LeEco’s development “is too big, too quick and too reckless,” Beijing Business Today wrote. “Developing TV [programs and TV sets], mobile phones, [electric] cars and sports programs all consume too much cash at the same time. Not only can the capital not sustain these developments; fractures are inevitable in areas ranging from human resources, technology and management.”
According to the official Xinhua news agency, the Shanghai High People’s Court last week ruled in favor of China Merchants Bank’s application to freeze $182 million in assets belonging to Jia, his wife and three LeEco affiliates. On Tuesday, LeEco’s Shenzhen Stock Exchange-listed arm, Leshi Internet Information & Technology, announced that the 26.03% stake of the company held by Jia and related parties had been frozen for a three-year period.
LeEco did not respond to requests for comment.
China Merchants Bank told reporters that it had no option but to file suit in the Shanghai court as LeEco had failed to repay loans given to its subsidiary Leview Mobile. In 2015, the bank’s Shanghai branch signed a strategic collaborative agreement with LeEco offering a line of credit to LeEco and its subsidiaries worth 10 billion RMB ($1.5 billion).
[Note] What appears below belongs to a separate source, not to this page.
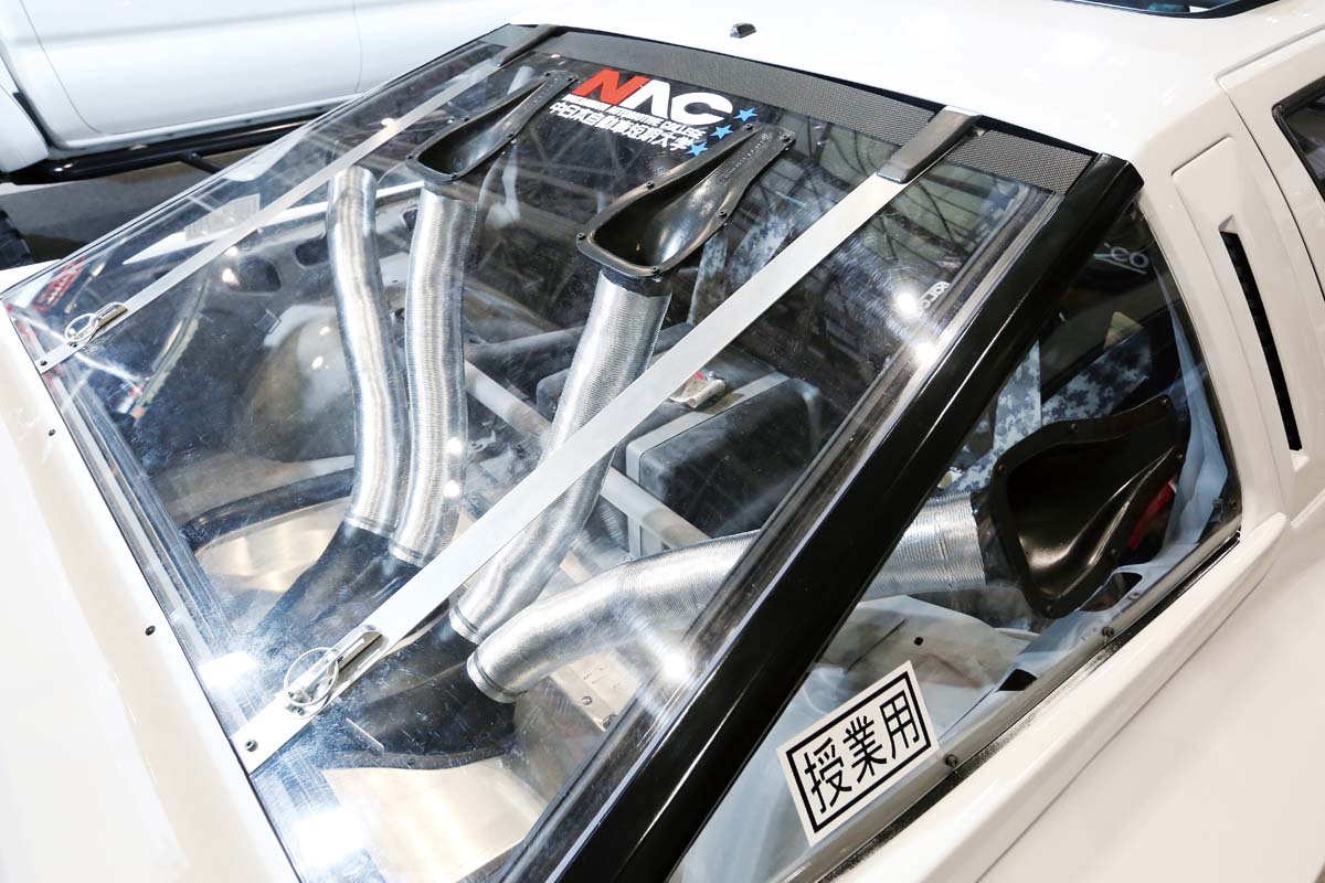 日本的自動車學校不算少數,正是日本汽車工業發達的主因,並且國內賽事制度相當完善,工匠技巧也都能在這裡傳承且淬鍊,而學校也都會提供實戰經驗給學生,這輛中日本自動車短期大學所打造的NAC Starion Spec-D,正是學生們投入D1 GP甩尾賽的作品,採用三菱Starion為基礎,並且把引擎傳動等套件全數更換,目前已經將RB26DETT順利植入,且換上RB25的五速手排變速箱,動力部分預計將排氣量提升至2.8升,希望有600hp左右的出力,外觀上則為了容納更大的輪胎,學生們也自行手工打造四輪寬體車身。

LeEco’s financial troubles have been snowballing since the end of last year. During a shareholder meeting at the end of June, Jia acknowledged the company’s financial difficulties. “The cash problems at the non-publicly traded businesses are more serious than when this crisis erupted. Our businesses are constantly using cash to repay loans, having a huge impact on their operations,” he said, according to a transcript of the meeting.
Jia, one of China’s most high-profile tech personalities, was named by Forbes as the country’s 37th richest person, with an estimated net worth of $4.5 billion last year. As of Wednesday, his net worth had plunged to $3.6 billion, Forbes said.
In May, he stepped down from his position as CEO of Leshi Internet Information & Technology, the company’s listed arm, but remains chairman and CEO of LeEco. Under Jia’s leadership, LeEco expanded ambitiously into TV production, mobile handsets and electric cars. In 2015, it was reported that LeEco, previously known as LeTV, paid $400 million to secure the rights to English Premier League for just Hong Kong, whose population is only about 7 million. The following year, LeEco also signed a Hong Kong broadcast deal with the NBA for an undisclosed sum.
LeEco also ventured into the film business with the launch of Le Vision Pictures, which has been involved in productions such as “The Great Wall,” directed by Zhang Yimou. The company acquired Adam Goodman’s Dichotomy last September.
The New York Times reported that LeEco has borrowed $6 billion from various sources and investors to finance its expansion since the beginning of 2016. But LeEco’s incapability to repay the loans became obvious when it had to give up the broadcast rights to the English FA Cup final to Hong Kong domestic broadcaster TVB in May.